Despite being closed for renovations this summer, the Queens Museum of Art is continuing its work with families affected by autism through a series of weekly art classes in libraries around the borough. Funded by VSA, the Kennedy Center’s International Organization on Arts and Disability, the Friendship Workshop is one of several autism initiatives created and delivered by the museum’s ArtAccess program in recent years. The workshop, which has been held in such libraries as the sites in Howard Beach and Jamaica, uses art as a means of developing social skills in children with autism in a community setting, without the pressure of verbal communication.
“I find it to be a nice, easy way for two people to communicate, especially peers,” said Jennifer Candiano, the Art Access Autism Programs associate coordinator leading the classes at the Queens Central Library in Jamaica. “That’s a huge part of our groups. Two kids, actually conversing and using the art as the object they can look at together.
“We’re teaching color theory, but the focus is not on learning color theory,” she continued. “The focus is on the social aspect of mixing colors and using that as a metaphor for what friendship is like.”
ArtAccess coordinator Mitra Dejkameh, who helps teach the classes, said that the workshop also affords an essential opportunity for parents to directly observe their child’s potential in a friendly, welcoming environment where they don’t have to be overly concerned with monitoring behavior.
“It’s great that the parents can see what their child can actually do in a group and give them more chances,” she said.
According to Candiano, that isn’t always the case for families of children with autism.
“If you have a child who has trouble putting peas in their mouth, you’re not thinking about getting out the paints,” she said. “You’re thinking about how to get peas in their mouth and get through the day with their underpants on.

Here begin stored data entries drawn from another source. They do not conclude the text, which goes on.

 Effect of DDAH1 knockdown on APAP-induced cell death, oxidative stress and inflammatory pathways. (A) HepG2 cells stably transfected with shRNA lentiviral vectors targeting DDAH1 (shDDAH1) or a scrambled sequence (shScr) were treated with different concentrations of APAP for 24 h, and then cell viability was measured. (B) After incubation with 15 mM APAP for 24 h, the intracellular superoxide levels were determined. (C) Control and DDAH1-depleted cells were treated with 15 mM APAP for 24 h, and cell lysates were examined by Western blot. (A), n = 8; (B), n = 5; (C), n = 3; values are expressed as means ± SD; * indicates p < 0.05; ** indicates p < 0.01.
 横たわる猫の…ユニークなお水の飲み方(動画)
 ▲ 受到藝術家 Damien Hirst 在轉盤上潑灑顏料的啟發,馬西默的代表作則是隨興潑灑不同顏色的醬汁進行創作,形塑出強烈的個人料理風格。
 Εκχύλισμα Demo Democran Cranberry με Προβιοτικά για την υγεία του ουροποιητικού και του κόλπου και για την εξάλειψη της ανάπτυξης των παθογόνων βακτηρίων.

It’s really important for the parents to see how they can do that at home too. Just pull out some stickers and they’re working on their pincer grip and they’re working on their fine motor skills and they’re working on their communications skills so they can tell you what they’re painting.”

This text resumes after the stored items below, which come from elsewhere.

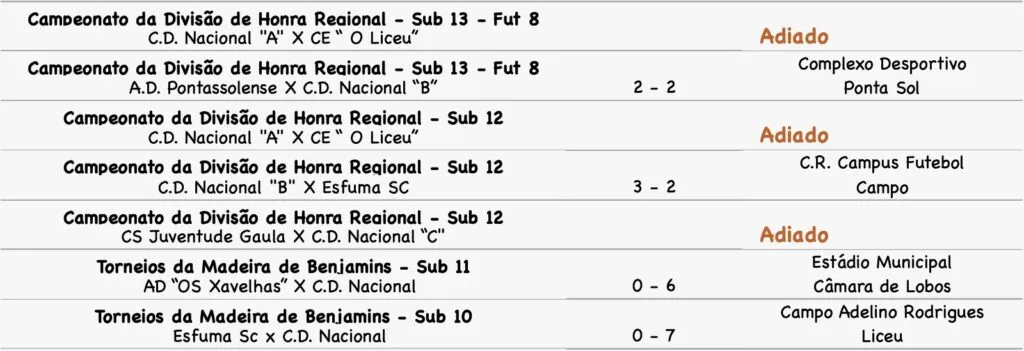Cumpriu-se hoje mais uma jornada dos campeonatos regionais do futebol de formação, com as equipas do CD Nacional a averbarem os seguintes resultados: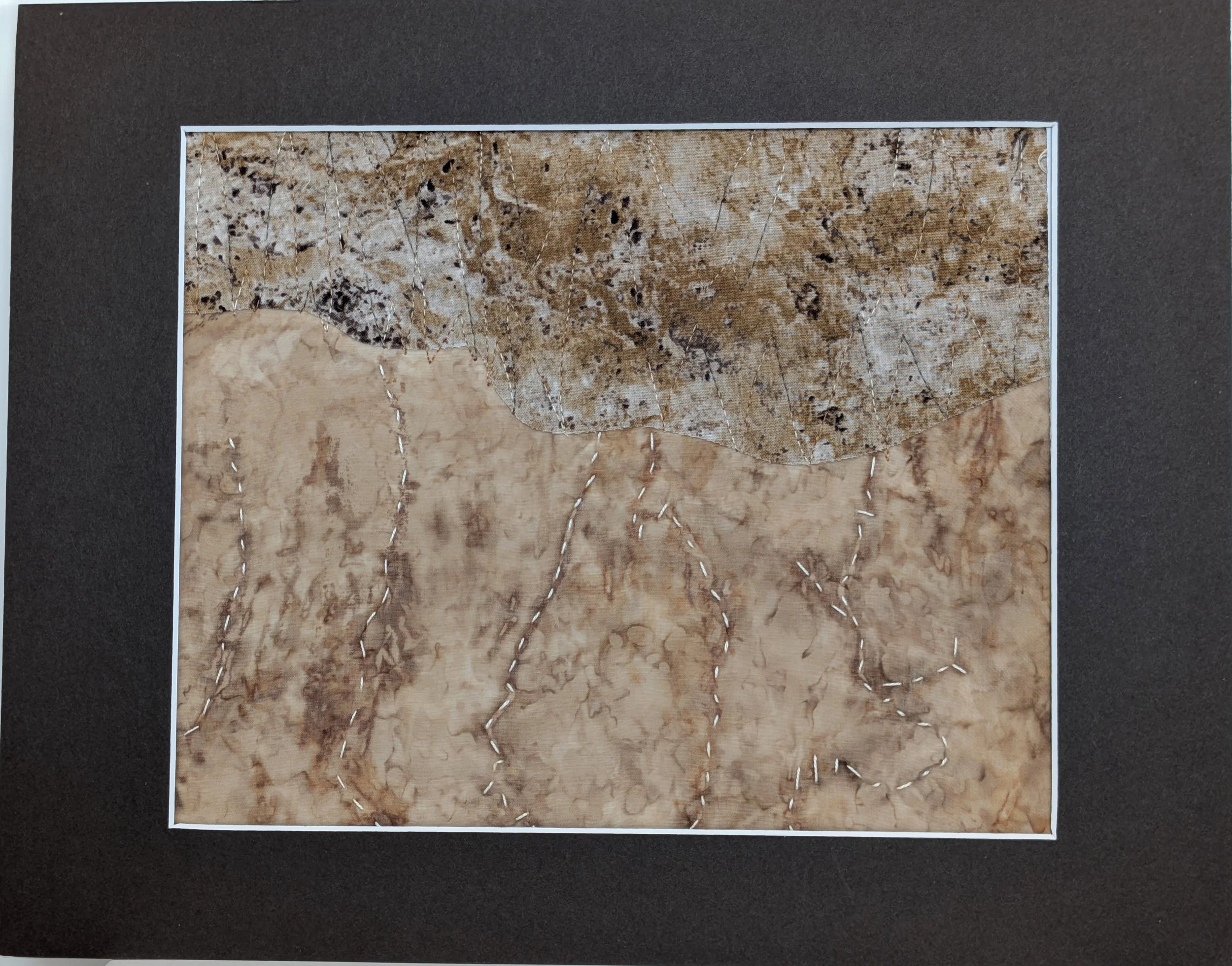 Rusting is used in some pieces and walnut ink applied over the rust to create rich visual texture and depth of color. The wall art utilized commercially produced batik fabrics for their variety and depth of color. Natural fabrics of linen, cotton or silk are also used, selected for their color and texture. Some fabrics are over-dyed with coffee that is allowed to evaporate in the desert heat, leaving darker places where the coffee has pooled.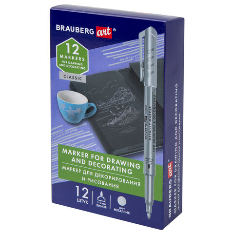 Маркер для декорирования и рисования BRAUBERG ART METALLIC предназначен для письма на любой поверхности: бумага, полиэтилен, дерево, стекло, металл, натуральная кожа, ткань, камень, плитка.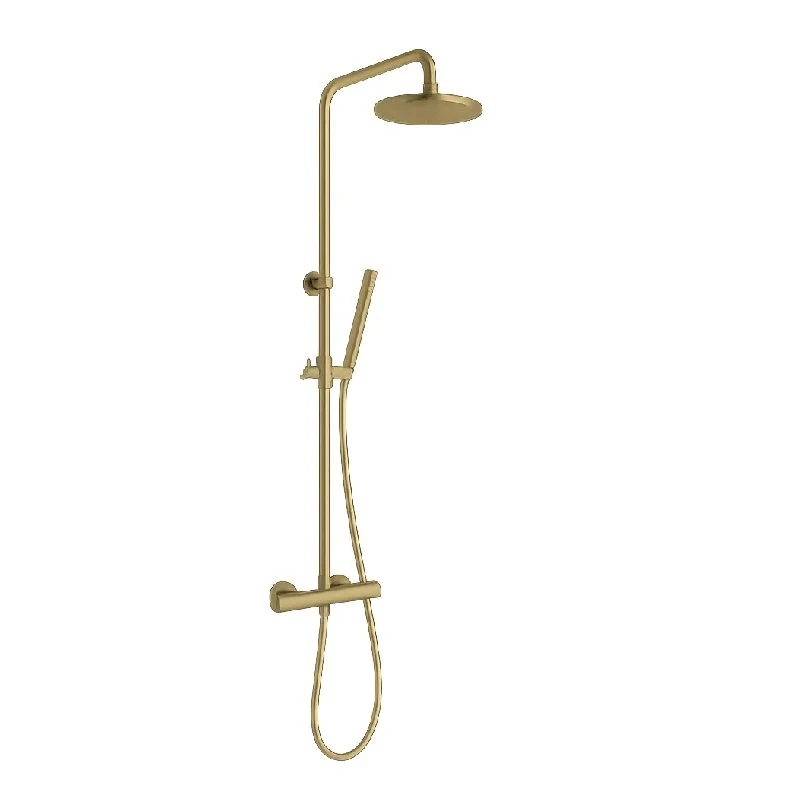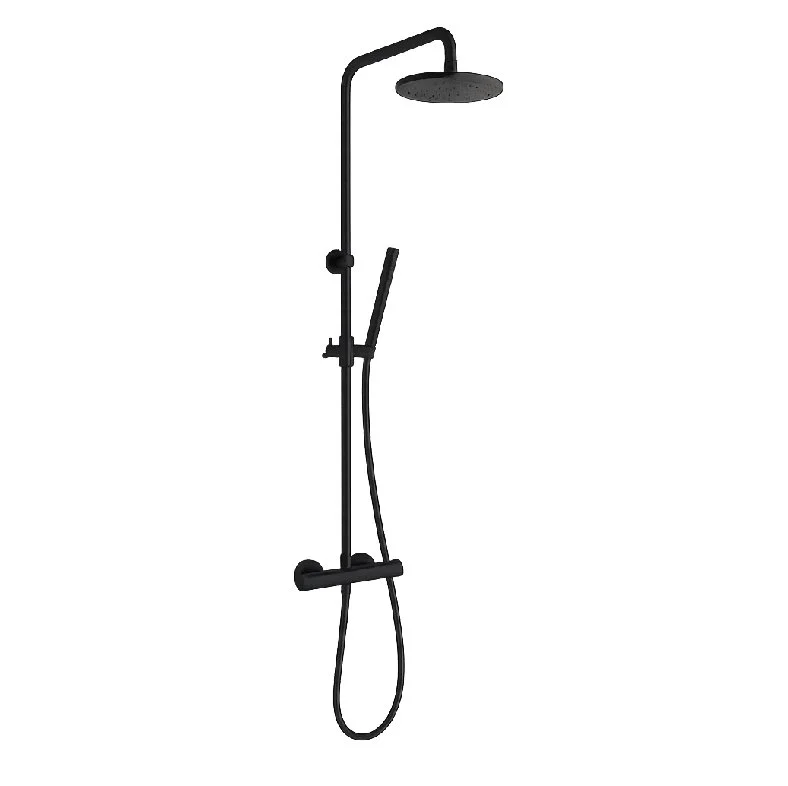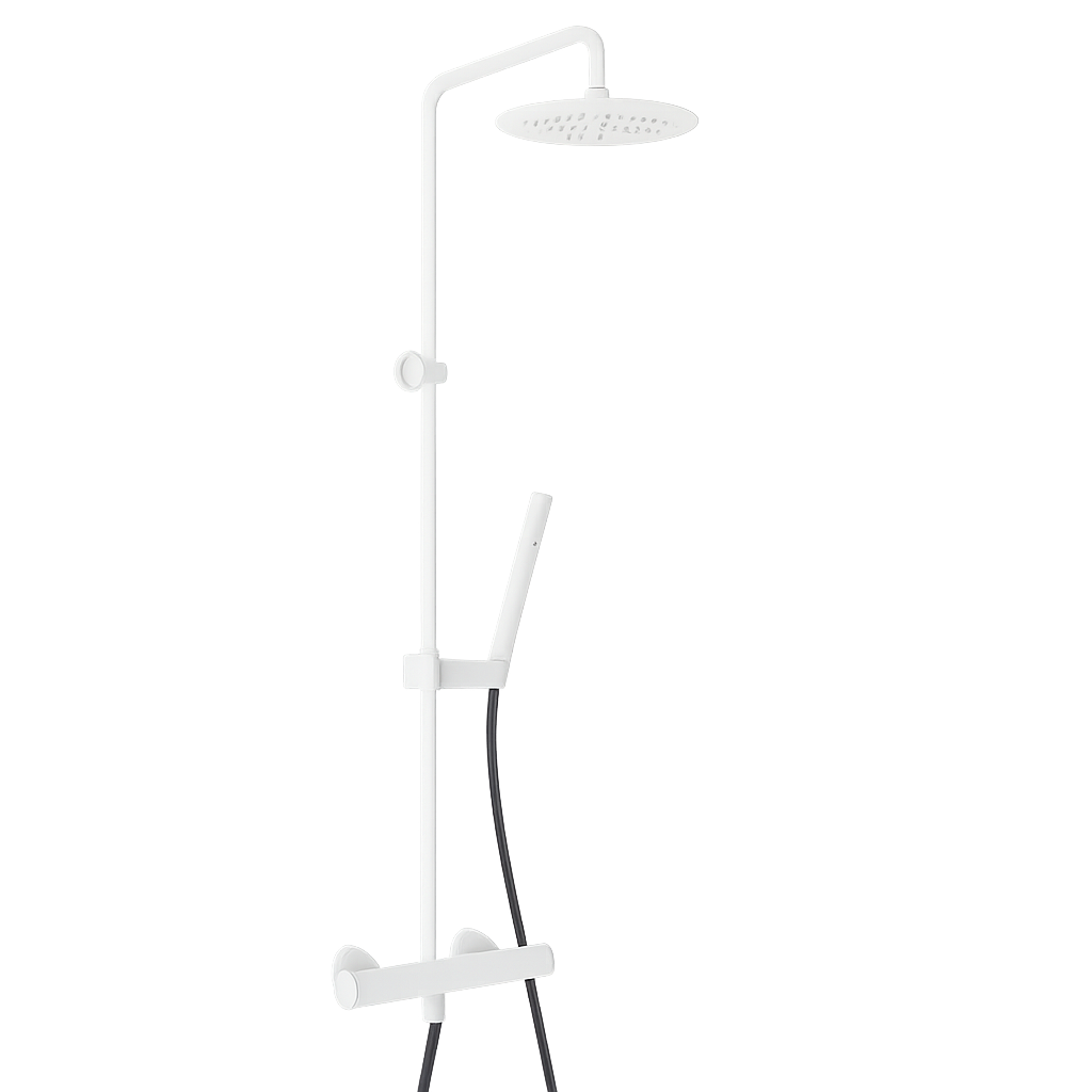Termostatisk udvendig brusemixer med justerbar søjle, omskifter, fleksibel Silitech-slange, håndbruser og brusehoved.

Dejkameh said she’s noticed marked improvement in her students with each passing week.
“The more they come, the more they have these skills. The prompting becomes less and less because they already know,” she said. “And if they’re comfortable in socializing here, next, they’re going to go to a park. Next, they’re going to go to the museum on their own or on vacation. They gain the confidence that this can happen anywhere.”
Julia, a South Ozone Park mother of twin four year old girls with autism who did not want to use her last name, said she decided to try out the Friendship Workshop after finding success with similar classes at the Children’s Museum of the Arts in Manhattan.

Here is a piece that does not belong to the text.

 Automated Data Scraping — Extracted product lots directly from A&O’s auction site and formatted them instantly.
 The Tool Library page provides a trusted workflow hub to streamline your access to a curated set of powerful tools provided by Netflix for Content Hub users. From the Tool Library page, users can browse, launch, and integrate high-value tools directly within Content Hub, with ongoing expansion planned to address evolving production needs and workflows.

“For some reason they easily fit into the program,” she said of her daughters’ experience with the workshop, adding that she was also happy to find classes closer to home. “I really hope they continue the program,” she said.
Enrollment in the Friendship Workshop is currently full, but ArtAccess is pursuing funding for more programs like it in the future. Their other popular autism initiatives, including photography and DJ classes for teens, open studio time for adults, and a museum explorer’s club for families will return after the museum reopens in October.